In order to understand a question, it is important to understand the goal of the person asking the question

Based on this we will break down objectives and prioritize them

## Analytic Approach

How can you use data to answer the question?

The second step in the methodology is electing the correct approach involves the specific problem being addressed, this points to the purpose of business understanding and helps us to identify what methods we should use in order to address the problem

### Approach to be Used

When we have a strong understanding of the problem, wwe can pick an analytical approach to be used

- Descriptive
- Current Status

- Diagnostic (Statistical Analysis)
- What happened?
- Why is this happening?

- Predictive (Forecasting)
- What if these trends continue?
- What will happen next?

- Prescriptive
- How do we solve it?

### Question Types

We have a few different types of questions that can direct our modelling

- Question is to determine probabilities of an action
- Predictive Model

- Question is to show relationships
- Descriptive Model

- Question requires a binary answer
- Classification Model

### Machine Learning

Machine learning allows us to identify relationships and trends that cannot otherwise be established

### Decision Trees

Decision trees are a machine learning algorithm that allow us to classify nodes while also giving us some information as to how the information is classified

It makes use of a tree structure with *recursive partitioning* to classify data, *predictiveness* is based on decrease in entropy - gain in information or impurity

A decision tree for classifying data can result in leaf nodes of varying purity, as seen below which will provide us with different ammounts of information

Some of the characteristics of decision trees are summarized below

Pros | Cons |
---|---|

Easy to interpret | Easy to over or underfit the model |

Can handle numeric or categorical features | Cannot model feature interaction |

Can handle missing data | Large trees can be difficult to interpret |

Uses only the most important features | |

Can be used on very large or small datasets |

## Labs

The Lab notebooks have been added in the `labs`

folder, and are released under the MIT License

The Lab for this section is `1-From-Problem-to-Approach.ipynb`

# Requirements and Collection

## Data Requirements

What data do you need to answer the question?

We need to understand what data is required, how to collect it, and how to transform it to address the problem at hand

It is necessary to identify the data requirements for the initial data collection

We typically make use of the following steps

- Define and select the set of data needed
- Content format and representation of data was defined
- It is important to look ahead when transforming our data to a form that would be most suitable for us

## Data Collection

Where is the data coming from and how will you get it?
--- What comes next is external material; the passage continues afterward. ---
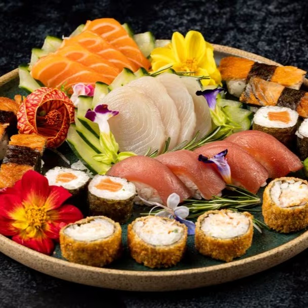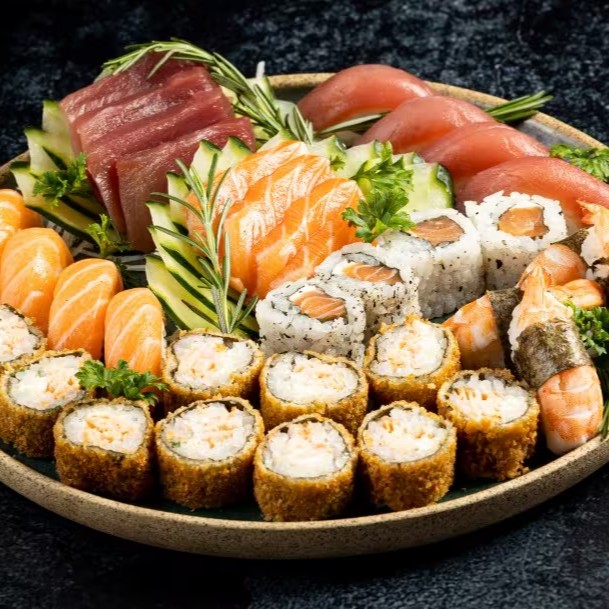 3 Sashimis de Salmão, 3 Sashimis de Atum, 4 Sushis de Salmão, 4 Sushis de Atum, 4 Sushis de Camarão, 4 Uramakis Filadélfia e 10 Hot Makis Filadélfia.

After the initial data collection has been performed, we look at the data and verify that we have all the data that we need, and the data requirements are revisited in order to define what has not been met or needs to be changed

We then make use of descriptive statistics and visuals in order to define the quality and other aspects of the data and then identify how we can fill in these gaps

Collecting data requires that we know the data source and where to find the required data

## Labs

The lab documents for this section are in both Python and R, and can be found in the `labs`

folder as `2-Requirements-to-Collection-py.ipynb`

and `2-Requirements-to-Collection-R.ipynb`

These labs will simply read in a dataset from a remote source as a CSV and display it

### Python

In Python we will use Pandas to read data as DataFrames

We can use *Pandas* to read data into the data frame

Thereafter we can view the dataframe by looking at the first few rows, as well as the dimensions with

### R

We do the same aas the above in R as follows

First we download the file from the remote resource

Thereafter we can read this into a variable with

We can then see the first few rows of data as well as the dimensions with

# Understanding and Preparation

## Data Understanding

Is the data that you collected representative of the problem to be solved?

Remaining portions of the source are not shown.